**** Provided information ****

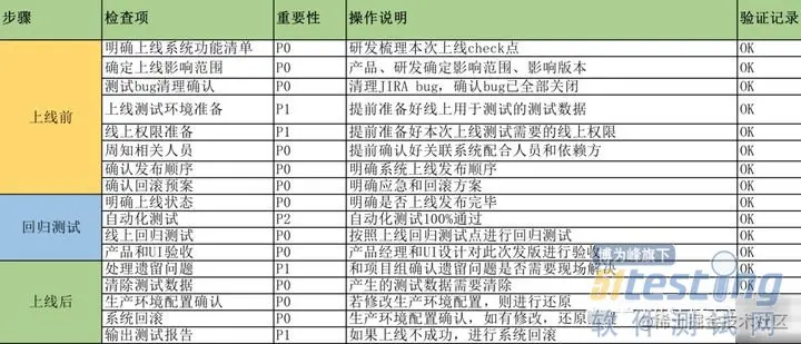 「当测试完毕,达到上线标准之后,我们需要准备一份 CheckList,在上线当天使用」。
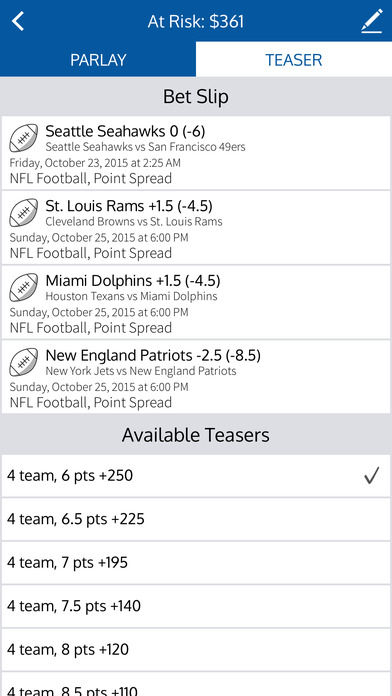 * Multiple betting options (PARLAY, TEASERS, Futures and Prop Bets).
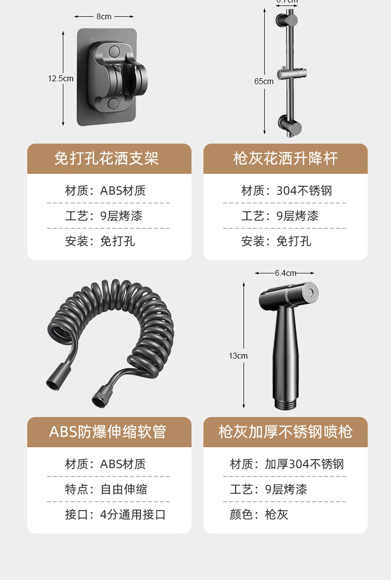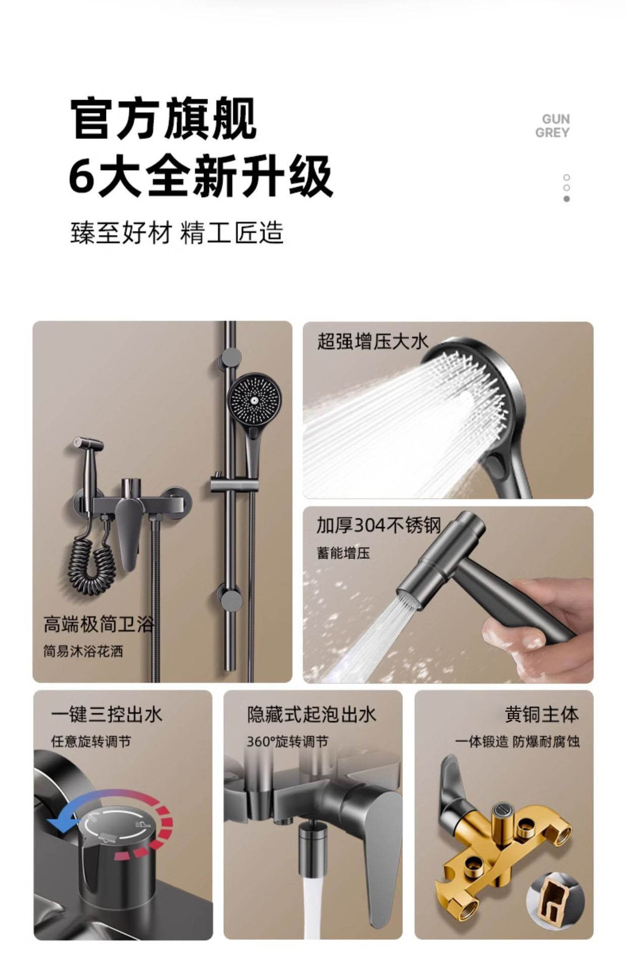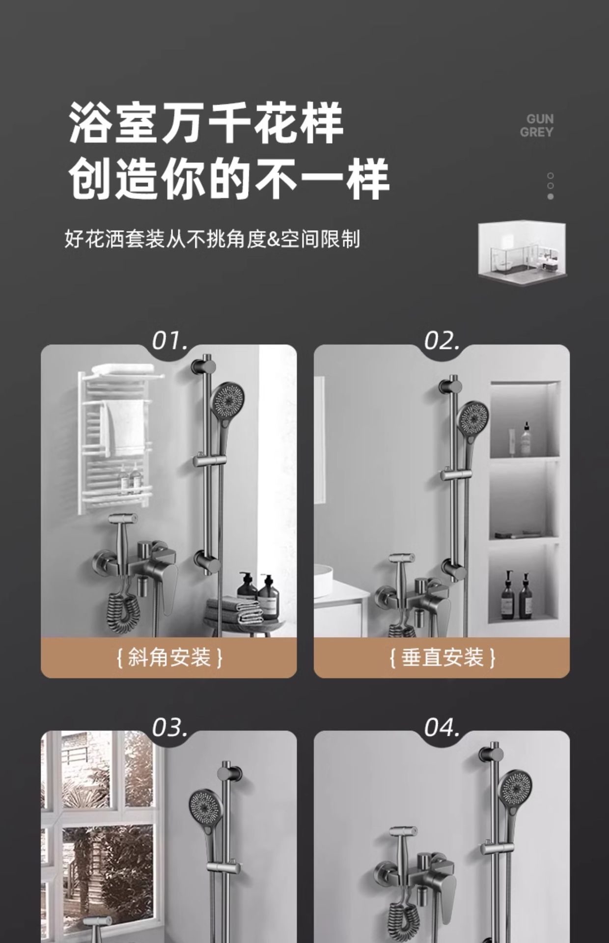 현대식 샤워 헤드 풀 세트, 지붕 없는 가정용 욕실, 간단한 가압 스테인레스 스틸 소형 욕실
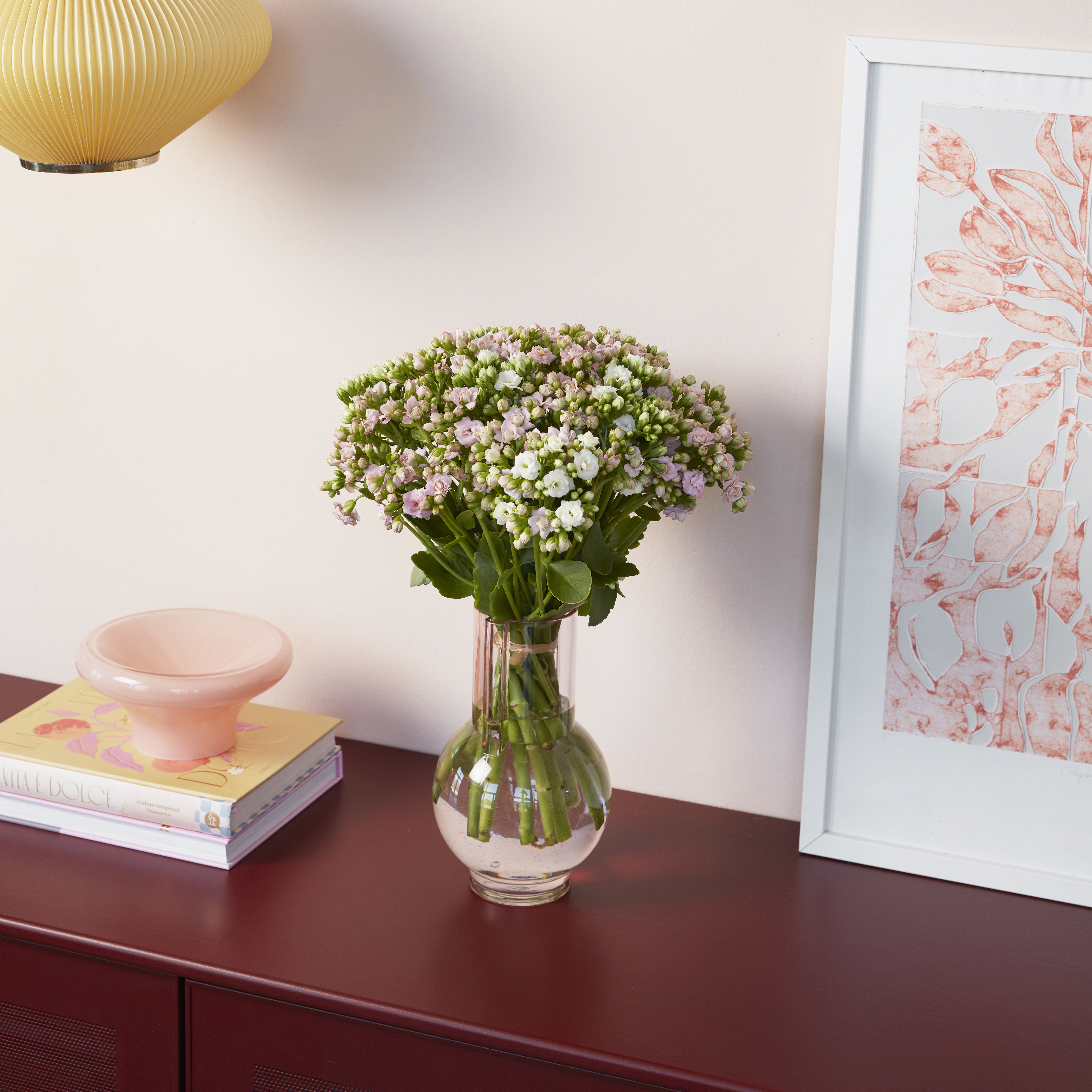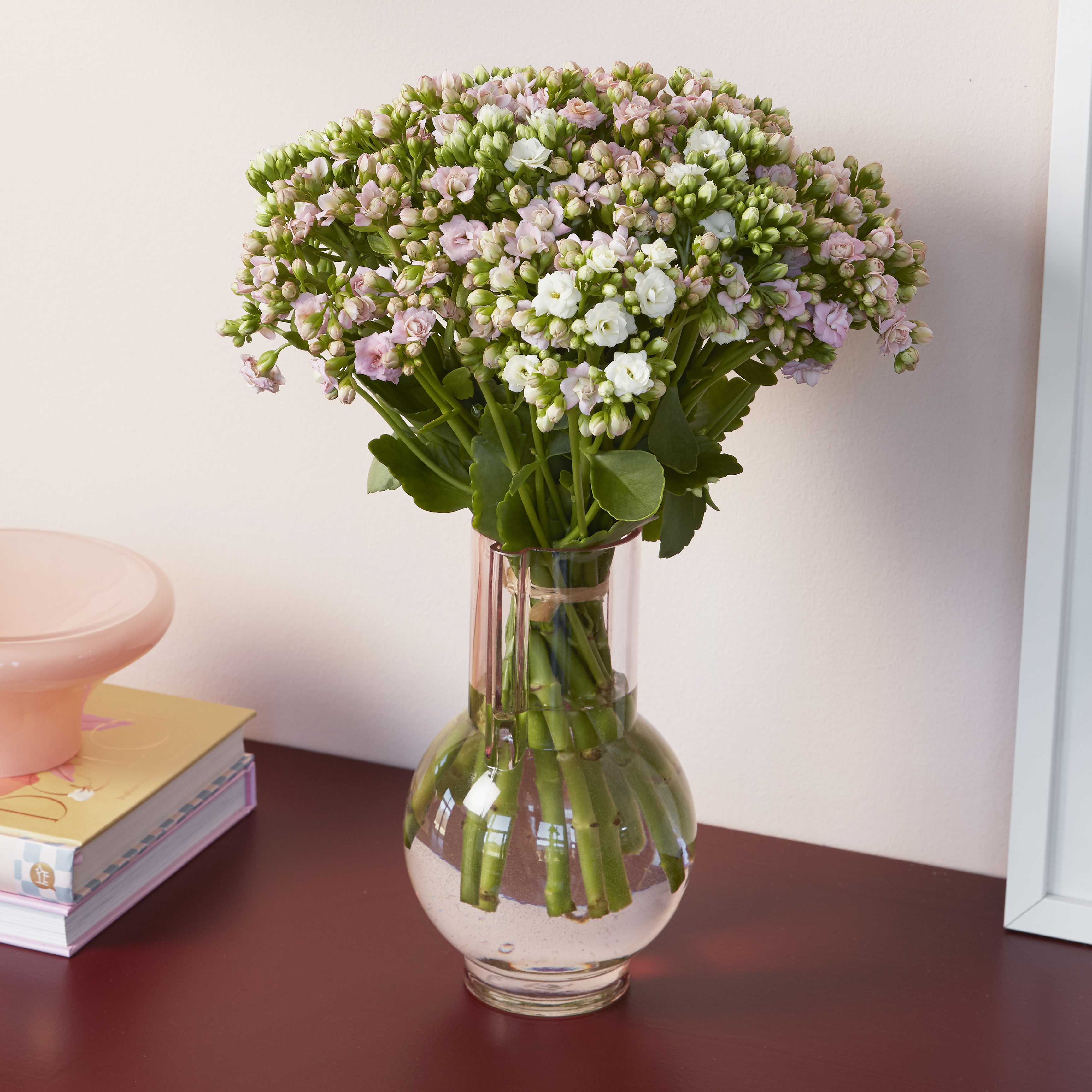 Vores smukke luksusbuket Delicate Grace består af 12 stilke kalanchoe i farverne hvid og rosa. Den er håndbundet, så du kan sætte den direkte i vasen derhjemme. Vi garanterer, at den her vil blomstre smukt i mindst 3 uger. Blomsternes farvenuancer kan variere en smule i forhold til billedet.
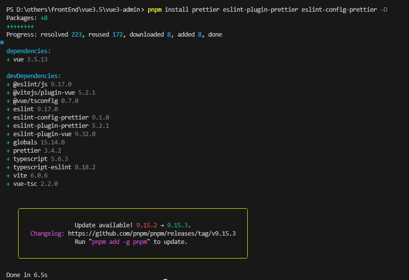 pnpm add prettier eslint-plugin-prettier eslint-config-prettier -Deslint-plugin-prettier 是一个 ESLint 插件,它允许 ESLint 使用 Prettier 的规则来检查代码风格。
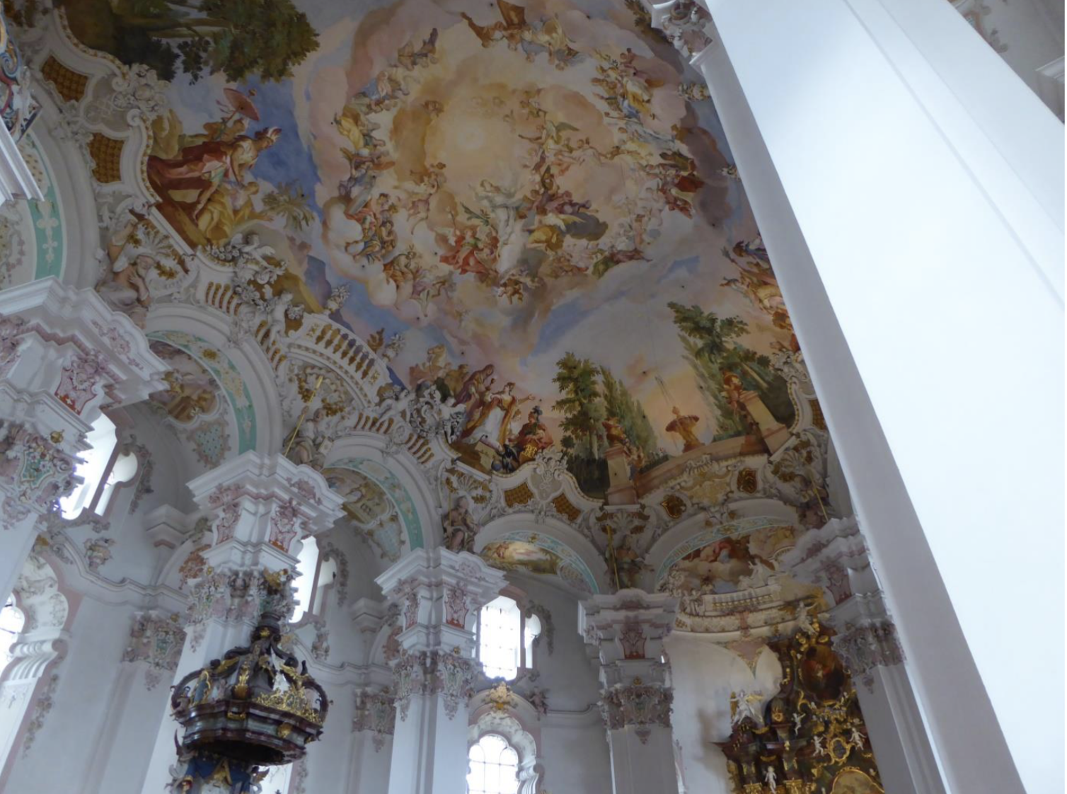 Also startete ich bereits am Donnerstag, 6. Oktober 2016, in Richtung Süden, um mich zunächst mit Klassenkamerad Gustl Teichmann in Balingen-Weilstetten zu treffen. Von dort aus ging es gleich gemeinsam weiter nach Bad Saulgau. Hier suchten wir den ehemaligen Klepfer und Webmaster der Klepferseiten Alfred Epple auf. Obwohl wir uns eigentlich vorher noch nie gesehen hatten, kam auf Grund der gemeinsamen Weiße-Väter-Vergangenheit binnen kurzer Zeit ein so vertrautes „Wir-Gefühl“ auf, sodass wir uns so recht wohl fühlten, so als wären wir schon seit ewigen Zeiten miteinander bekannt. Und als Frau Epple noch ein leckeres Menü auf den Tisch zauberte, bot sich die gute Gelegenheit, alte Zeiten neu aufleben zu lassen: „Kennst Du noch...? Weißt Du noch ...? Wie hieß denn der Pater, der ...? Gut gestärkt konnten wir in das nahe gelegene Schussenried aufbrechen. Unterwegs haben wir frei- lich einen kleinen Abstecher in eine der schönsten Barockkirchen nach Steinhausen gemacht, sie lag unmittelbar am Weg und es wäre unverzeihlich, hätten wir dieses Kleinod links liegen gelassen.
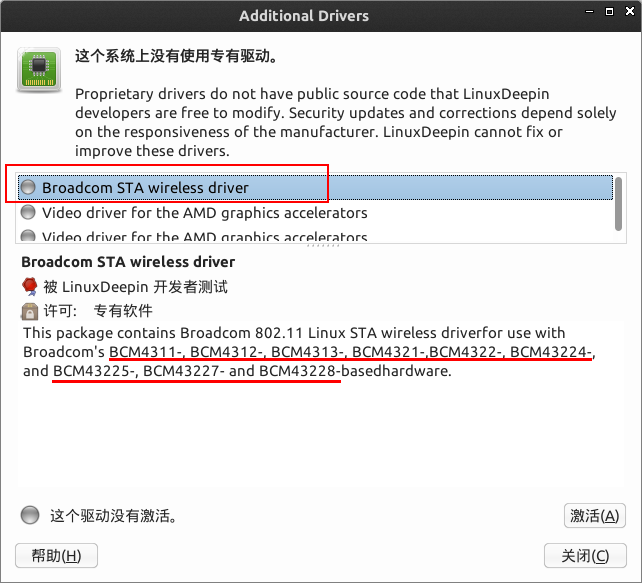 中你可以看到你的网卡型号,比如我的就是broadcom bcm4313,然后在附加驱动中,看到某个附加驱动的描述
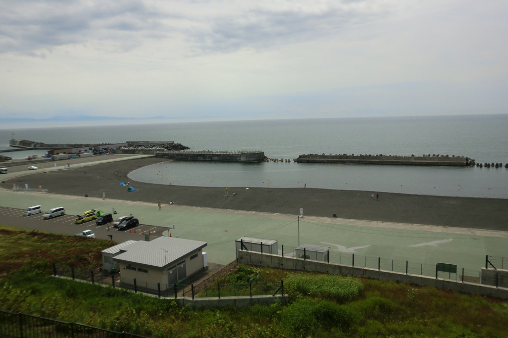 2016-08-30 海と山に囲まれた石狩市 - 厚田 - 石狩市 さて、石狩市だが1996年に町から市制となる。 さらに2005年に厚田村と浜益村を編入し今の形となった。 両村は現在地域自治区として厚田区、浜益区と呼ばれている。 その厚田区を国道231号沿いにずっと海を見ながら走ると観光案内所がある。 この辺りは高台になっていて漁港や海浜プールを見下ろせる。 夕日が有名だが昼間もなかなか。 ・・・天気が良ければもっといい景色なんだよ。 いつ行ってもライダーがいっぱいいる。 さて、観光案内所の道路を挟んだ向かいには厚田公園と 悪名高い「恋人の聖地」がある。 鐘がある。 海が見える。 飛び出せ青春!!
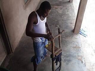 हॉट काला जंगली लड़का अपने बालों वाले छेद को दिखा रहा है
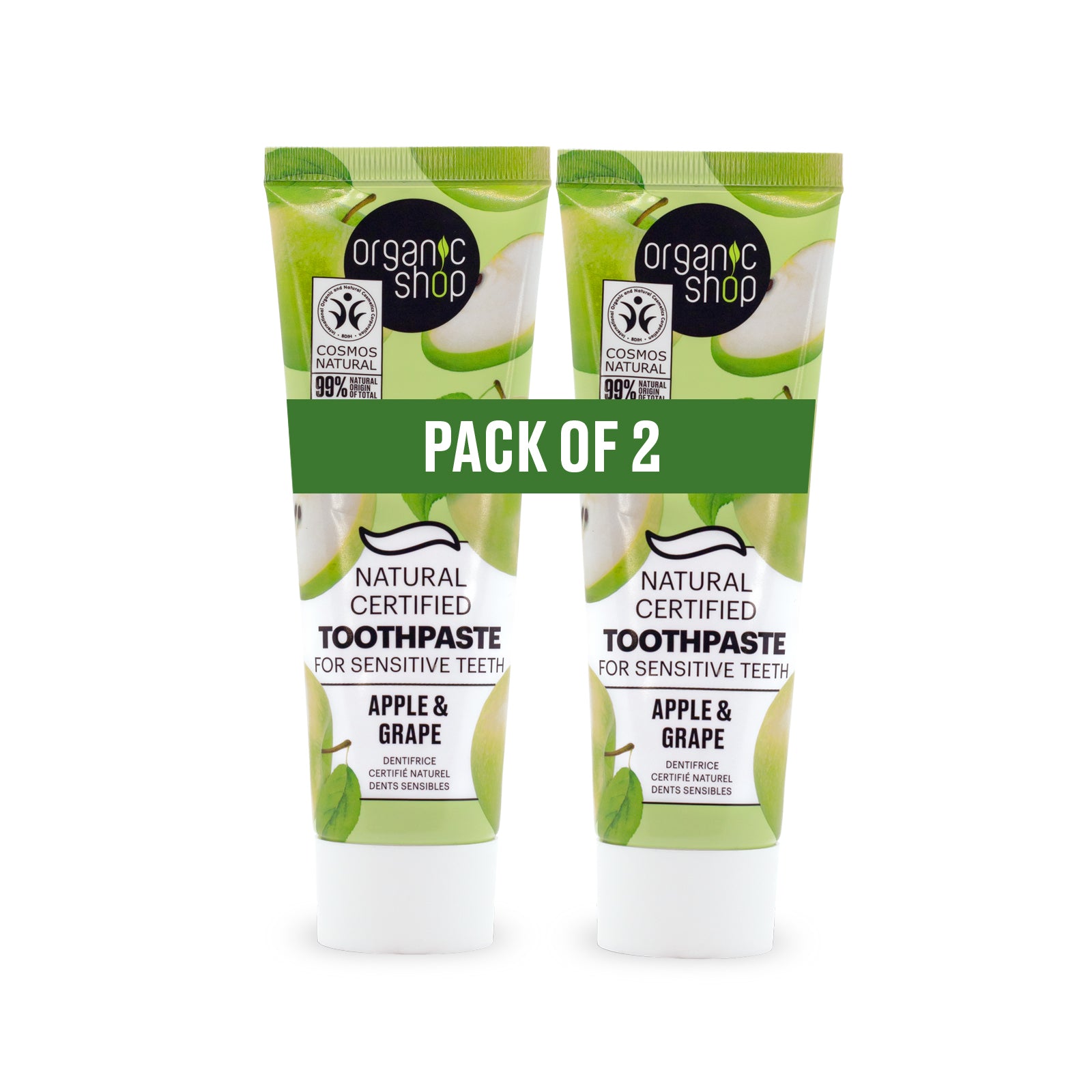 Organic Shop Apple & Grape Toothpaste, Fluoride-Free, Vegan, Natural, Sensitive Teeth, Gum Care, Cavity Protection, Pack of 2, 99% Natural
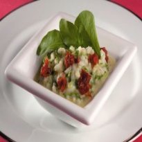 - Tire do fogo. Junte manteiga e tomate seco. Mexa com cuidado. Tampe panela. Sirva após 2 min. a minirrúcula decora
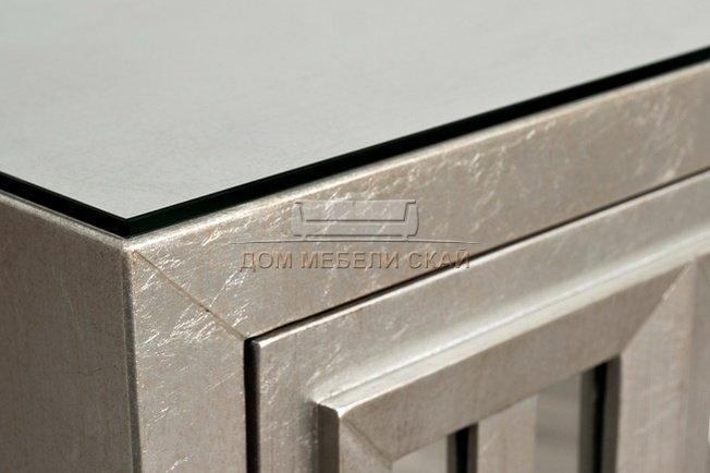 | Материал каркаса | корпус из дерева и МДФ покрыт тончайшими листьями фольги серебристого цвета и проработан вручную лаком цвета шампанского для создания винтажного эффекта, столешница покрыта закаленным стеклом 5 мм | |||

****

From the first line of the entries down to the line with "中你可以看到你的网卡型号,比", print each line exactly; omit any picture.

Solution to this problem
 「当测试完毕,达到上线标准之后,我们需要准备一份 CheckList,在上线当天使用」。
 * Multiple betting options (PARLAY, TEASERS, Futures and Prop Bets).
 현대식 샤워 헤드 풀 세트, 지붕 없는 가정용 욕실, 간단한 가압 스테인레스 스틸 소형 욕실
 Vores smukke luksusbuket Delicate Grace består af 12 stilke kalanchoe i farverne hvid og rosa. Den er håndbundet, så du kan sætte den direkte i vasen derhjemme. Vi garanterer, at den her vil blomstre smukt i mindst 3 uger. Blomsternes farvenuancer kan variere en smule i forhold til billedet.
 pnpm add prettier eslint-plugin-prettier eslint-config-prettier -Deslint-plugin-prettier 是一个 ESLint 插件,它允许 ESLint 使用 Prettier 的规则来检查代码风格。
 Also startete ich bereits am Donnerstag, 6. Oktober 2016, in Richtung Süden, um mich zunächst mit Klassenkamerad Gustl Teichmann in Balingen-Weilstetten zu treffen. Von dort aus ging es gleich gemeinsam weiter nach Bad Saulgau. Hier suchten wir den ehemaligen Klepfer und Webmaster der Klepferseiten Alfred Epple auf. Obwohl wir uns eigentlich vorher noch nie gesehen hatten, kam auf Grund der gemeinsamen Weiße-Väter-Vergangenheit binnen kurzer Zeit ein so vertrautes „Wir-Gefühl“ auf, sodass wir uns so recht wohl fühlten, so als wären wir schon seit ewigen Zeiten miteinander bekannt. Und als Frau Epple noch ein leckeres Menü auf den Tisch zauberte, bot sich die gute Gelegenheit, alte Zeiten neu aufleben zu lassen: „Kennst Du noch...? Weißt Du noch ...? Wie hieß denn der Pater, der ...? Gut gestärkt konnten wir in das nahe gelegene Schussenried aufbrechen. Unterwegs haben wir frei- lich einen kleinen Abstecher in eine der schönsten Barockkirchen nach Steinhausen gemacht, sie lag unmittelbar am Weg und es wäre unverzeihlich, hätten wir dieses Kleinod links liegen gelassen.
 中你可以看到你的网卡型号,比如我的就是broadcom bcm4313,然后在附加驱动中,看到某个附加驱动的描述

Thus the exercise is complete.